The break and continue Statements

 

break

continue

To put everything we've seen in this chapter together, as well as demonstrate the use of the break statement, here is a program for printing prime numbers between 1 and 100:

#include <stdio.h>
#include <math.h>

main()
{
int i, j;

printf("%d\n", 2);

for(i = 3; i <= 100; i = i + 1)
{
for(j = 2; j < i; j = j + 1)
{
if(i % j == 0)
break;
if(j > sqrt(i))
{
printf("%d\n", i);
break;
}
}
}

return 0;
}


The outer loop steps the variable i through the numbers from 3 to 100; the code tests to see if each number has any divisors other than 1 and itself.
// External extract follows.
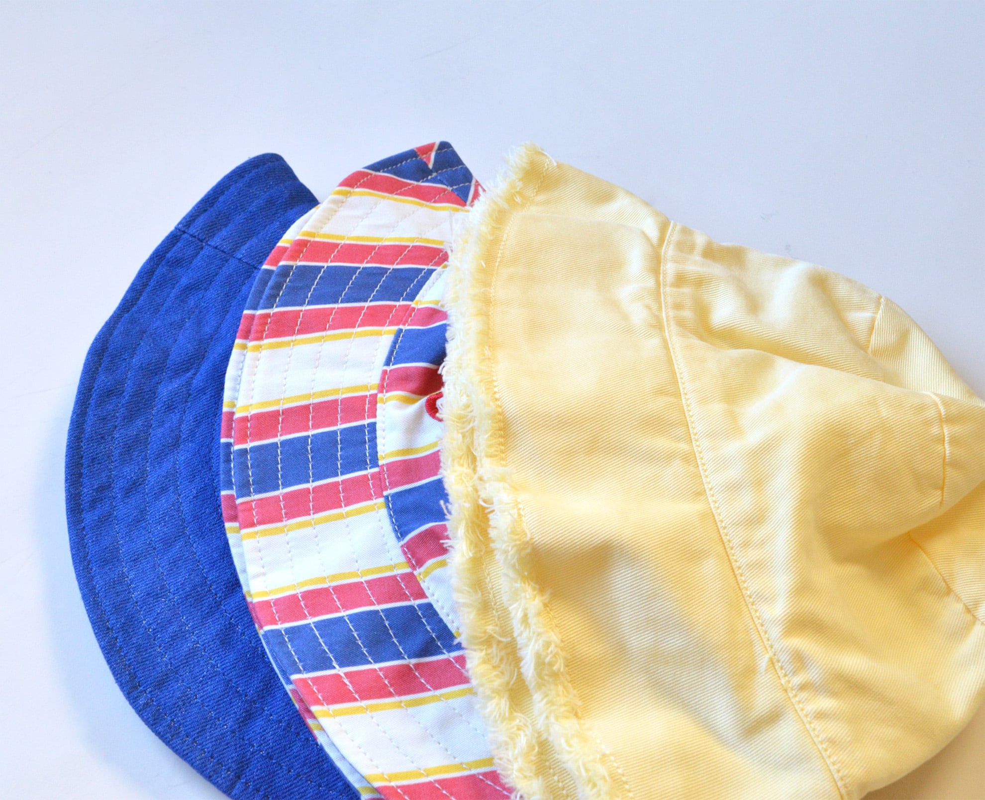 ブルーデニムのチューリップハット。

The trial divisor j loops from 2 up to i. j is a divisor of i if the remainder of i divided by j is 0, so the code uses C's ``remainder'' or ``modulus'' operator % to make this test. (Remember that i % j gives the remainder when i is divided by j.)

 

If the program finds a divisor, it uses break to break out of the inner loop, without printing anything. But if it notices that j has risen higher than the square root of i, without its having found any divisors, then i must not have any divisors, so i is prime, and its value is printed. (Once we've determined that i is prime by noticing that j > sqrt(i), there's no need to try the other trial divisors, so we use a second break statement to break out of the loop in that case, too.)

 

The simple algorithm and implementation we used here (like many simple prime number algorithms) does not work for 2, the only even prime number, so the program ``cheats'' and prints out 2 no matter what, before going on to test the numbers from 3 to 100.

Many improvements to this simple program are of course possible; you might experiment with it. (Did you notice that the ``test'' expression of the inner loop for(j = 2; j < i; j = j + 1) is in a sense unnecessary, because the loop always terminates early due to one of the two break statements?)